(INPUT DATA)
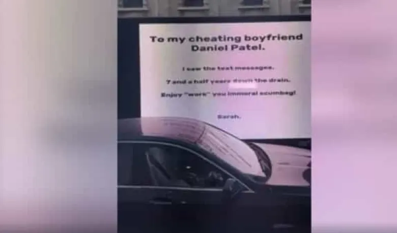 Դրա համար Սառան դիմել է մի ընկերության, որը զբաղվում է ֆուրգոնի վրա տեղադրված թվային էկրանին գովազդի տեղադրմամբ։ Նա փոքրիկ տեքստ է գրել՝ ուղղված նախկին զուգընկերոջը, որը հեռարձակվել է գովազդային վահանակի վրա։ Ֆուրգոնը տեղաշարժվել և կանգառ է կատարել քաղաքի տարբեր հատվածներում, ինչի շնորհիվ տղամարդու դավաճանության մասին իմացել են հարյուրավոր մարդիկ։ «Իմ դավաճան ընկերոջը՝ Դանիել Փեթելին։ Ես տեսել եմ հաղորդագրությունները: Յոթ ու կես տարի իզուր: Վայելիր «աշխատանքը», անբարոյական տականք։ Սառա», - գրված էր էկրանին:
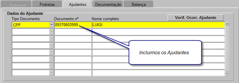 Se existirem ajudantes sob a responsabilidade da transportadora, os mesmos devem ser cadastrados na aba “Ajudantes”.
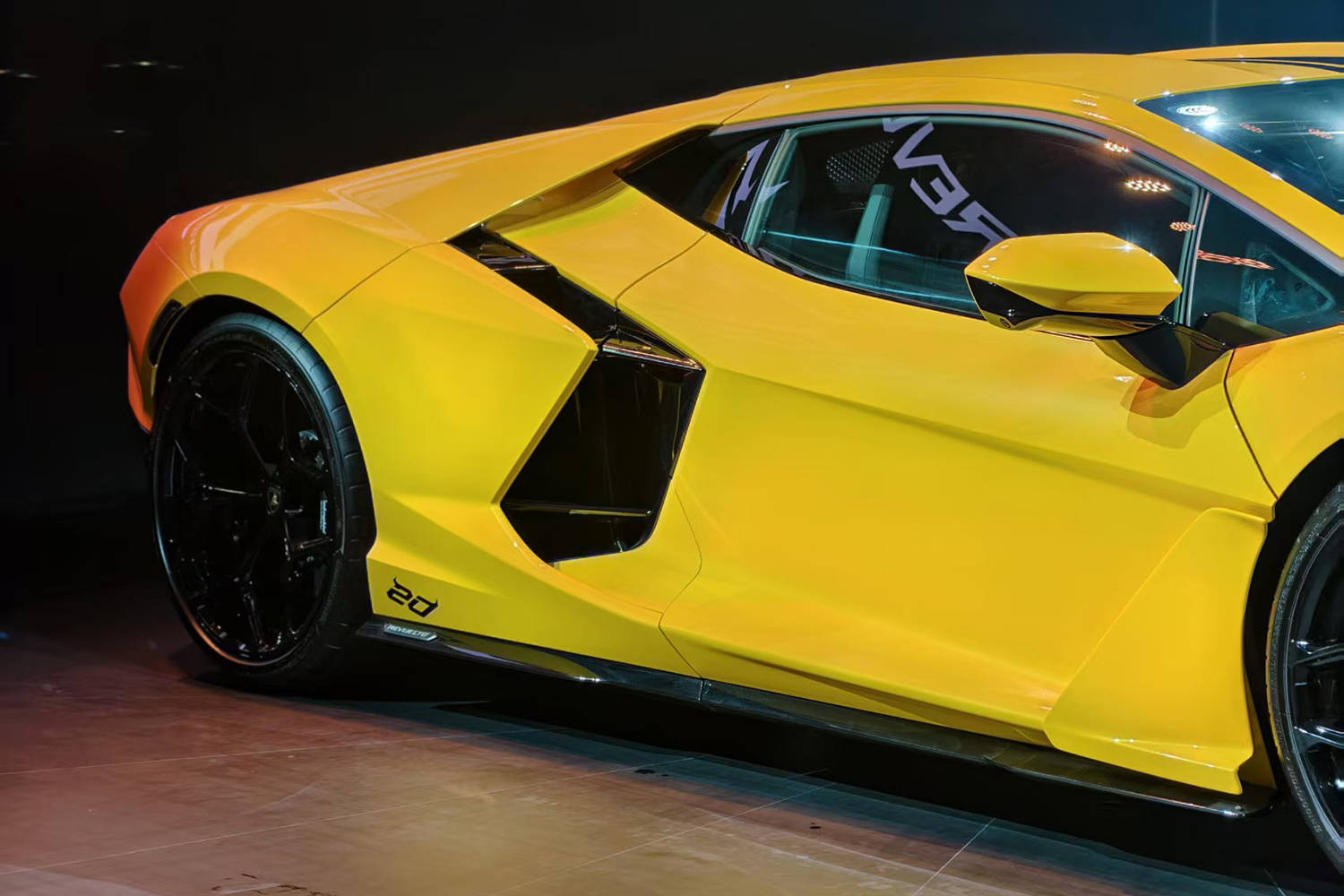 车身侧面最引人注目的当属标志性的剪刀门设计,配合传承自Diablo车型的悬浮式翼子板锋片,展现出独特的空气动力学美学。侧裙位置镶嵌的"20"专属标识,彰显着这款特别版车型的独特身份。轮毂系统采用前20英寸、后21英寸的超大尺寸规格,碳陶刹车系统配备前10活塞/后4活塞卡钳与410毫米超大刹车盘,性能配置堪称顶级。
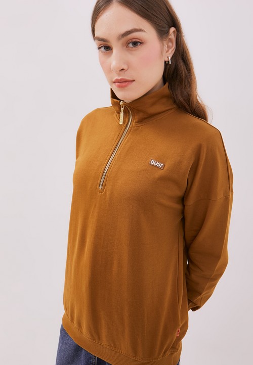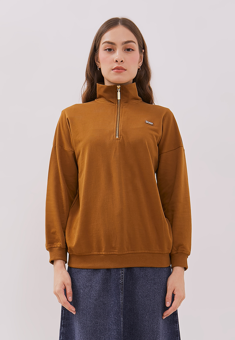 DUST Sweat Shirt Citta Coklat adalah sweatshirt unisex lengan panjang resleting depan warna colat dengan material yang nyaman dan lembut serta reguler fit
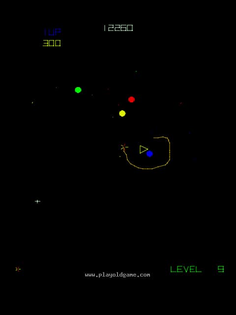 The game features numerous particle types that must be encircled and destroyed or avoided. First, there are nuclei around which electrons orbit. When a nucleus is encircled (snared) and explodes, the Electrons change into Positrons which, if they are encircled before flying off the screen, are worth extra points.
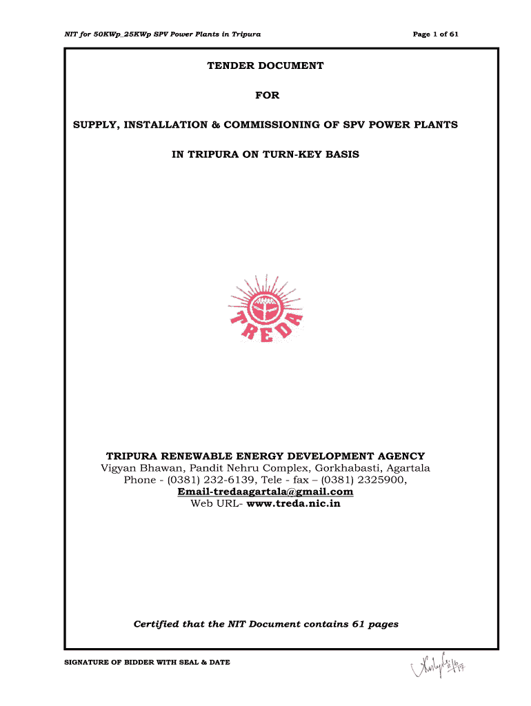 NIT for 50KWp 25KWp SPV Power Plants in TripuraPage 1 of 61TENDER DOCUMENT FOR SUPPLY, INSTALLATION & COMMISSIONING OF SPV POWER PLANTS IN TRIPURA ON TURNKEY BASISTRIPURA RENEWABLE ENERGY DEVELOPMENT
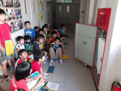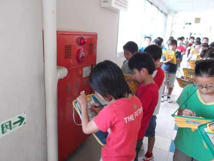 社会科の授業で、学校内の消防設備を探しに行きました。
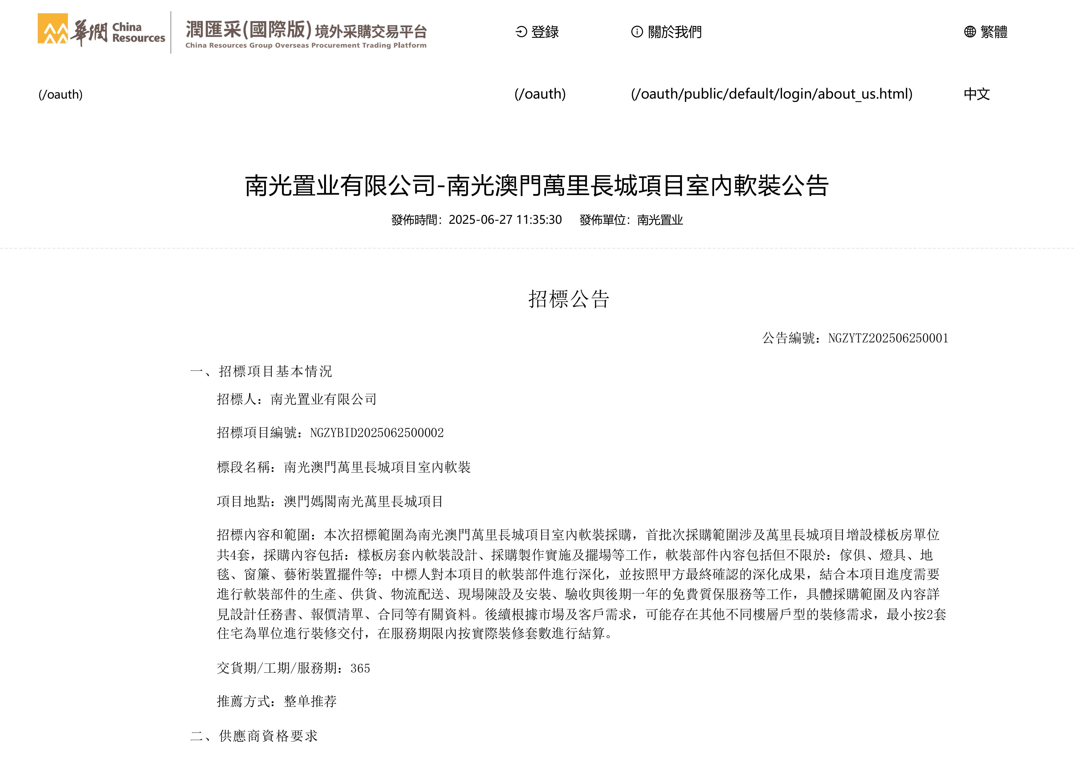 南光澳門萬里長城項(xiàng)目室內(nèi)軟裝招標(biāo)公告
(End INPUT DATA)
TASK PROMPT
Nothing in the records should be changed in the copy, but the pictures must be left out.

RESULT OF THIS TASK
 Դրա համար Սառան դիմել է մի ընկերության, որը զբաղվում է ֆուրգոնի վրա տեղադրված թվային էկրանին գովազդի տեղադրմամբ։ Նա փոքրիկ տեքստ է գրել՝ ուղղված նախկին զուգընկերոջը, որը հեռարձակվել է գովազդային վահանակի վրա։ Ֆուրգոնը տեղաշարժվել և կանգառ է կատարել քաղաքի տարբեր հատվածներում, ինչի շնորհիվ տղամարդու դավաճանության մասին իմացել են հարյուրավոր մարդիկ։ «Իմ դավաճան ընկերոջը՝ Դանիել Փեթելին։ Ես տեսել եմ հաղորդագրությունները: Յոթ ու կես տարի իզուր: Վայելիր «աշխատանքը», անբարոյական տականք։ Սառա», - գրված էր էկրանին:
 Se existirem ajudantes sob a responsabilidade da transportadora, os mesmos devem ser cadastrados na aba “Ajudantes”.
 车身侧面最引人注目的当属标志性的剪刀门设计,配合传承自Diablo车型的悬浮式翼子板锋片,展现出独特的空气动力学美学。侧裙位置镶嵌的"20"专属标识,彰显着这款特别版车型的独特身份。轮毂系统采用前20英寸、后21英寸的超大尺寸规格,碳陶刹车系统配备前10活塞/后4活塞卡钳与410毫米超大刹车盘,性能配置堪称顶级。
 DUST Sweat Shirt Citta Coklat adalah sweatshirt unisex lengan panjang resleting depan warna colat dengan material yang nyaman dan lembut serta reguler fit
 The game features numerous particle types that must be encircled and destroyed or avoided. First, there are nuclei around which electrons orbit. When a nucleus is encircled (snared) and explodes, the Electrons change into Positrons which, if they are encircled before flying off the screen, are worth extra points.
 NIT for 50KWp 25KWp SPV Power Plants in TripuraPage 1 of 61TENDER DOCUMENT FOR SUPPLY, INSTALLATION & COMMISSIONING OF SPV POWER PLANTS IN TRIPURA ON TURNKEY BASISTRIPURA RENEWABLE ENERGY DEVELOPMENT
 社会科の授業で、学校内の消防設備を探しに行きました。
 南光澳門萬里長城項(xiàng)目室內(nèi)軟裝招標(biāo)公告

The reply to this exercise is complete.